There is a growing practical demand for efficient parallel algorithms, driven by the increasing availability of powerful (and inherently parallel) programmable hardware. For example, tools that translate PSL assertions to hardware-based monitors [7, 5, 11] can immediately apply our construction to evaluate subformulas consisting of bounded and past operators in parallel rather than sequentially. Similarly, monitoring tools based on LTL+Past can buffer constant chunks of the input and then evaluate the buffered input in parallel using our construction.
The capability of our algorithm to absorb the exponential succinctness of past and bounds is due to the use of planar circuits as a representation of partially evaluated subformulas, which allows the evaluation of the formula to efficiently stop and resume, as dictated by the dependencies between the subformulas. We expect that the use of planar circuits as a data structure in parallel verification algorithms, following the pattern of our construction, will find applications in other model checking problems as well.

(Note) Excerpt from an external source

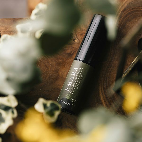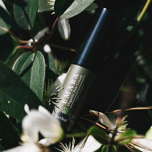 自然由来成分100%。愛犬の乾燥した肉球からひび割れなどを防ぐための保湿クリーム。リラックス効果の高いハーバルの香り。

There are several open questions that deserve further attention. There is still a gap between AC 1 (logDCFL) and the known lower bound, NC 1 . There is some hope to further reduce the upper bound towards NC 1 , the currently known lower bound, because our construction relies on the algorithm by Chakraborty and Datta (cf. Theorem 3.1) for evaluating monotone Boolean planar circuits with all constant gates on the outer face. The circuits that appear in our construction actually exhibit much more structure. However, we are not aware of any algorithm that takes advantage of that and performs better than logDCFL. An intriguing question along the way is whether the path checking complexities of LTL and BLTL+Past are actually the same: while they are both in NC, the circuits resulting from BLTL+Past formulas seem to be combinatorially more complex. Finally, an interesting challenge is to exploit the apparent "cheapness" of the BLTL+Past path checking problem beyond parallelization, for example in memory-efficient algorithms.